:: REQUIRED WORK ::
Without copying any pictures, restate exactly the lines from the start of the records through the line containing "教職員は水の事故や熱中症など".
*** Opening RECORDS PROVIDED ***
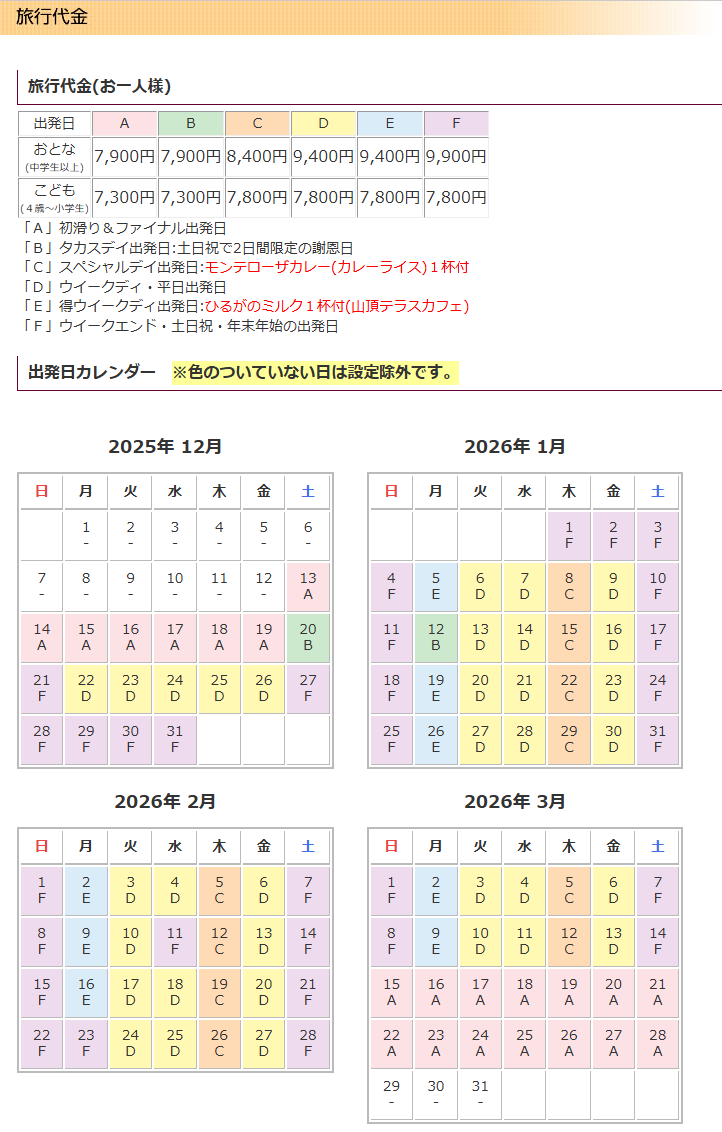 | 旅行代金に含まれるもの | バス代、リフト券など記載のツアーポイント代、消費税等諸税 |
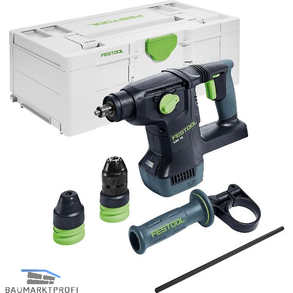 Lieferung inkl. Bohrfutter C SDS KHC, Schnellspannborhfutter KC 13 KHC, Tiefenanschlag, Zusatzhandgriff AH-50/181 KHC, in Systainer SYS3 L 187
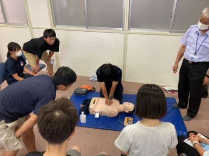 教職員は水の事故や熱中症など万が一の時に備えて、真剣な面持ちでAEDの操作などに取り組んでいました。
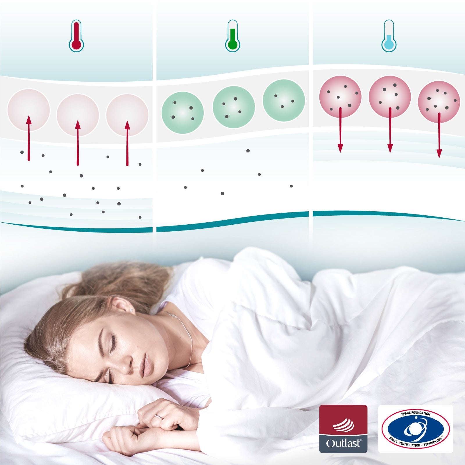 Die in allen SleepCOOL. Produkten eingesetzte OUTLAST® Thermo-Technologie wurde ursprünglich von der NASA entwickelt, um Astronauten vor extrem Temperaturschwankungen im All zu schützen.
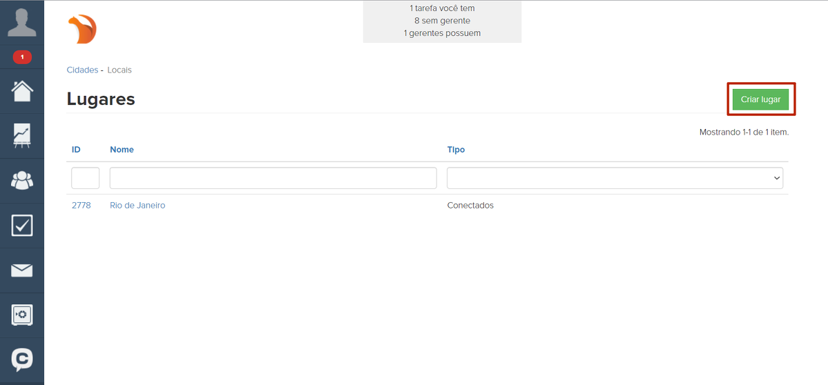 O local será exibido ao administrador na seção "Fluxos", isso permitirá que ele navegue com mais conforto entre os fluxos e filtre os aqueles que ocorrem em um determinado lugar.
*** Closing RECORDS PROVIDED ***
:: RESULT BELOW ::
 | 旅行代金に含まれるもの | バス代、リフト券など記載のツアーポイント代、消費税等諸税 |
 Lieferung inkl. Bohrfutter C SDS KHC, Schnellspannborhfutter KC 13 KHC, Tiefenanschlag, Zusatzhandgriff AH-50/181 KHC, in Systainer SYS3 L 187
 教職員は水の事故や熱中症など万が一の時に備えて、真剣な面持ちでAEDの操作などに取り組んでいました。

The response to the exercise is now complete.